Faecal Sludge, Faeces, Excreta, Organic Solid Waste

Compost / Biosolids

Factsheet Block Title
Introduction
Factsheet Block Body

When a single pit or a single VIP is full and cannot be emptied, "fill and cover", i.e., filling the remainder of the pit and covering it is an option, albeit one with limited benefits to the environment and the user.

The Arborloo is a shallow pit on which a tree can be planted after it is full, while the superstructure, ring beam and slab are moved to a new pit. Before the Arborloo is used, a layer of leaves is put on the bottom of the empty pit. A cup of soil, ash or a mixture of the two should be dumped into the pit to cover excreta after each defecation. If they are available, leaves can also occasionally be added to improve the porosity and air content of the pile. When the pit is full (usually every 6 to 12 months), the top 15 cm is filled with soil and a tree is planted. Banana, papaya and guava trees (among many) have all proven to be successful.

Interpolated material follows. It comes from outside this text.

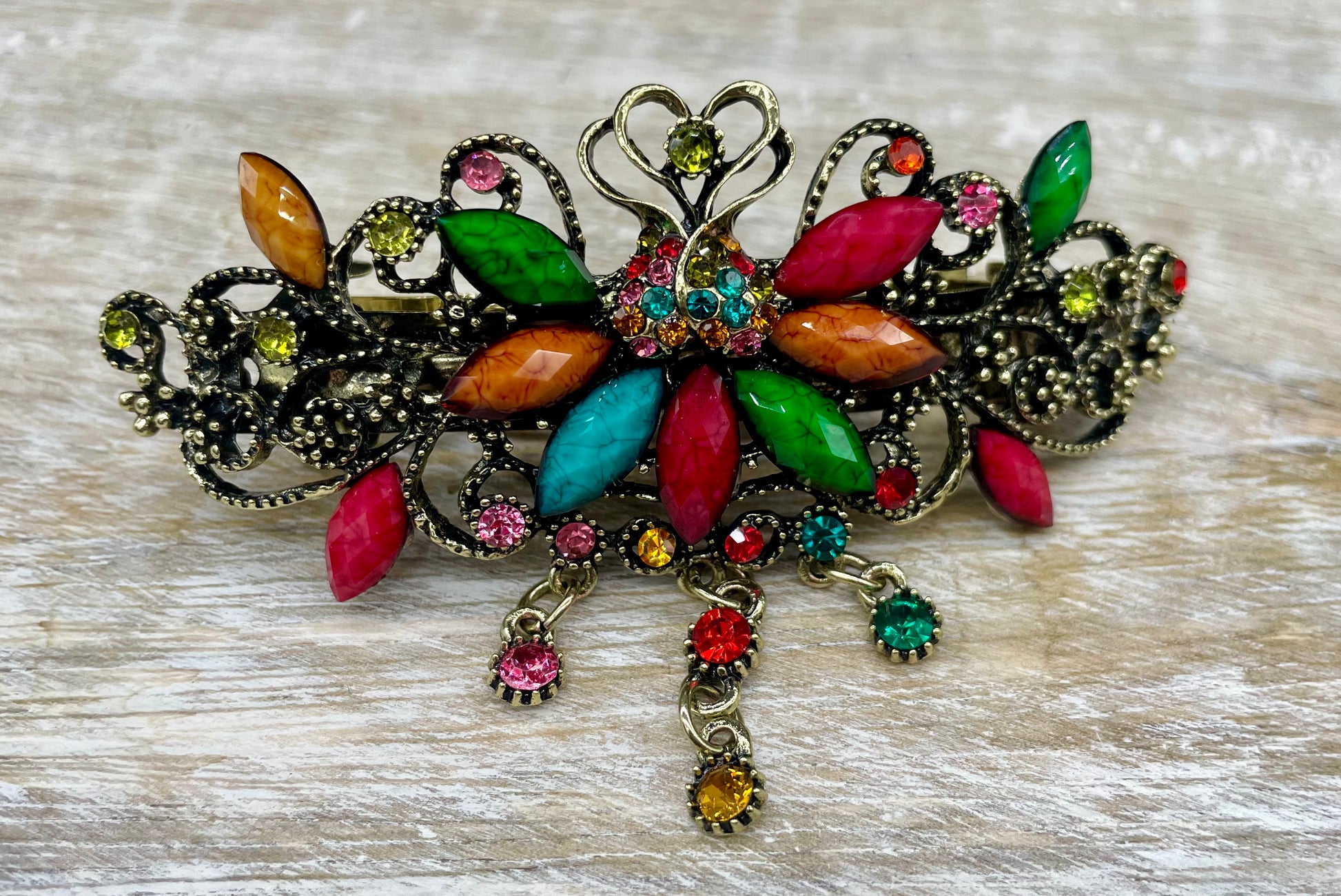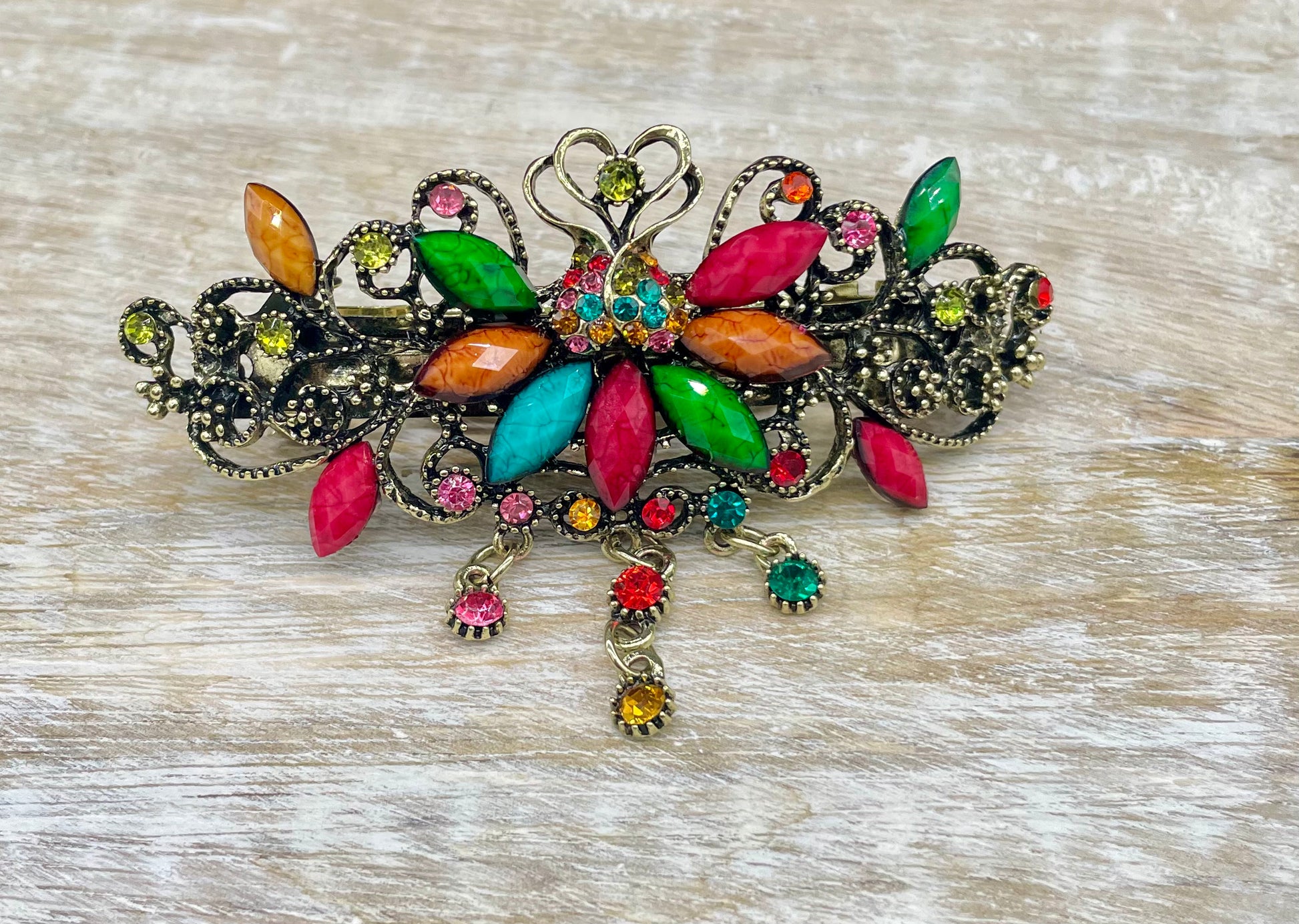 Add flair to your locks with Boho Glam Hair Accessories. Choose between a metal jeweled floral hair clip or a metal jeweled hair barrette. Make a statement with this sophisticated and gorgeous hair accessories.

Fill and Cover / Arborloo. Source: TILLEY et al. (2014)
Fill and Cover / Arborloo. Source: TILLEY et al. (2014)

 

Factsheet Block Title
Design Considerations
Factsheet Block Body

An Arborloo is only an option if the site is suitable for a tree to grow. Therefore, when selecting the pit location, users should already take the space and site conditions required for a new tree into account (e.g., distance to houses).

A shallow pit, about 1 m deep, is needed for an Arborloo. It should not be lined as any lining would prevent the tree or plant from properly growing.

A tree should not be planted, however, directly in the raw excreta. It should be planted in the soil on top of the pit, allowing its roots to penetrate the pit contents as it grows. It may be best to wait for the rainy season before planting it if water is scarce.

Factsheet Block Title
Health Aspects/Acceptance
Factsheet Block Body

There is minimal risk of infection if the pit is properly covered and clearly marked. It may be preferable to cover the pit and to plant a tree rather than emptying it, especially if there is no appropriate technology available to remove and treat the faecal sludge.

Users do not come in contact with the faecal material and, thus, there is a very low risk of pathogen transmission.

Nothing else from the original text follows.